Connect to remote data
======================

Dask can read data from a variety of data stores including local file systems,
network file systems, cloud object stores, and Hadoop.  Typically this is done
by prepending a protocol like ``"s3://"`` to paths used in common data access
functions like ``dd.read_csv``:

.. code-block:: python

   import dask.dataframe as dd
   df = dd.read_csv('s3://bucket/path/to/data-*.csv')
   df = dd.read_parquet('gcs://bucket/path/to/data-*.parq')

   import dask.bag as db
   b = db.read_text('hdfs://path/to/*.json').map(json.loads)

Dask uses `fsspec`_ for local, cluster and remote data IO. Other file interaction, such
as loading of configuration, is done using ordinary python method.

The following remote services are well supported and tested against the main
codebase:

- **Local or Network File System**: ``file://`` - the local file system, default in the absence of any protocol.

- **Hadoop File System**: ``hdfs://`` - Hadoop Distributed File System, for resilient, replicated
  files within a cluster.

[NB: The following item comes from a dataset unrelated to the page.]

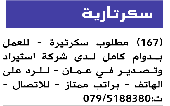 مطلوب سكرتيرة للعمل لدى شركة استيراد وتصدير

This uses PyArrow_ as the backend.

- **Amazon S3**: ``s3://`` - Amazon S3 remote binary store, often used with Amazon EC2,
  using the library s3fs_.

- **Google Cloud Storage**: ``gcs://`` or ``gs://`` - Google Cloud Storage, typically used with Google Compute
  resource using gcsfs_.

- **Microsoft Azure Storage**: ``adl://``, ``abfs://`` or ``az://`` - Microsoft Azure Storage using adlfs_.

- **Hugging Face**: ``hf://`` - Hugging Face Hub of datasets for AI, using the huggingface_hub_ library.

- **HTTP(s)**: ``http://`` or ``https://`` for reading data directly from HTTP web servers.

`fsspec`_ also provides other file systems that may be of interest to Dask users, such as
ssh, ftp, webhdfs and dropbox. See the documentation for more information.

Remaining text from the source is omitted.